Issue: In the Event Source Management user interface, when you import a plug-in, if you type the filename of the plug-in rather than clicking Browse to select the plug-in, an error is displayed indicating that an invalid plug-in is selected for import. The error message pops up as you start typing the filename and continues to appear even after you click Cancel.

Workaround: Use the Browse button to select the plug-in rather than manually typing the filename of the plug-in.

612872

Issue: The Event Source Management > Help > Help option does not launch the Sentinel Log Manager documentation Web site and instead displays the error Help not Installed.

Workaround: To view the latest Sentinel Log Manager documentation, go to the Sentinel Log Manager 1.2 documentation Web site.

630174

Issue: When you install additional Collector Managers, the installer prompts you to select the amount of RAM to allocate to the Sentinel server processes.
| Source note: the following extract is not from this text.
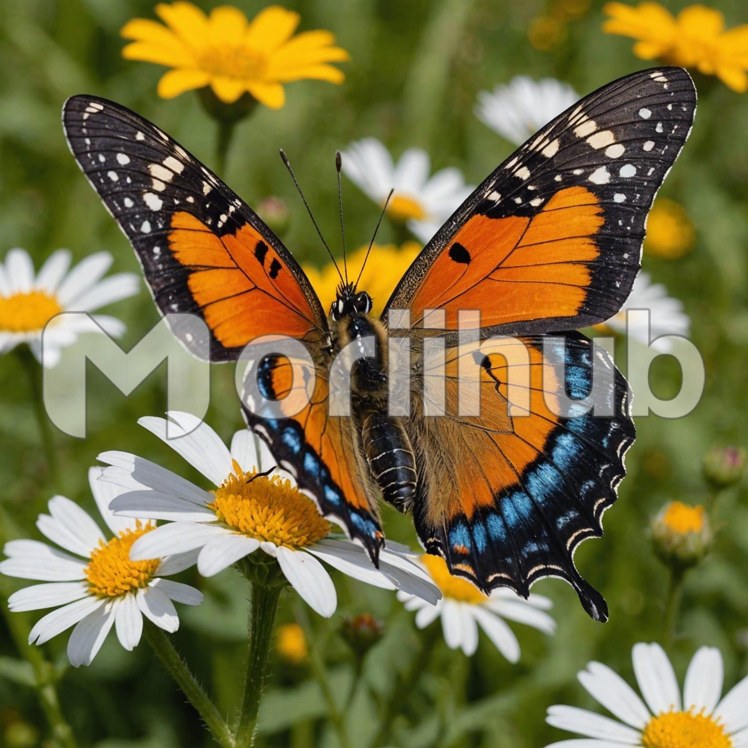 A butterfly delicately perches on a vibrant flower, its wings a kaleidoscope of colors. The gentle flutter of its wings contrasts with the stillness of the flower, creating a scene of natural harmony. The butterfly’s delicate legs grasp the flower’s petals as it sips nectar, its antennae twitching with each movement. The surrounding greenery enhances the beauty of this moment, a perfect blend of color and life. This serene interaction between the butterfly and the flower captures the essence of nature’s intricate and fleeting beauty.
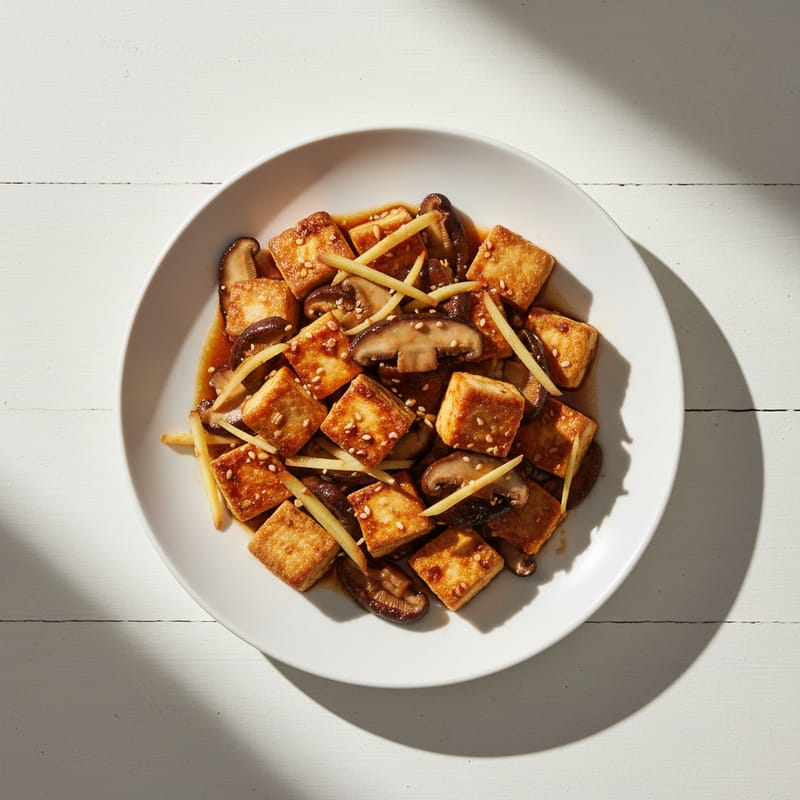 Tofu cu Ciuperci Shiitake la Tigaie

However, the Collector Manager always uses 1.2 GB of RAM and does not consider the specified RAM.

Workaround: Ignore the memory allocation settings and click Next to proceed with the installation.

For a list of known issues in Sentinel Log Manager 1.2, see the Novell Sentinel Log Manager 1.2 Release Notes.

7.0 Documentation

The updated documentation and release notes are available at the Sentinel Log Manager documentation site.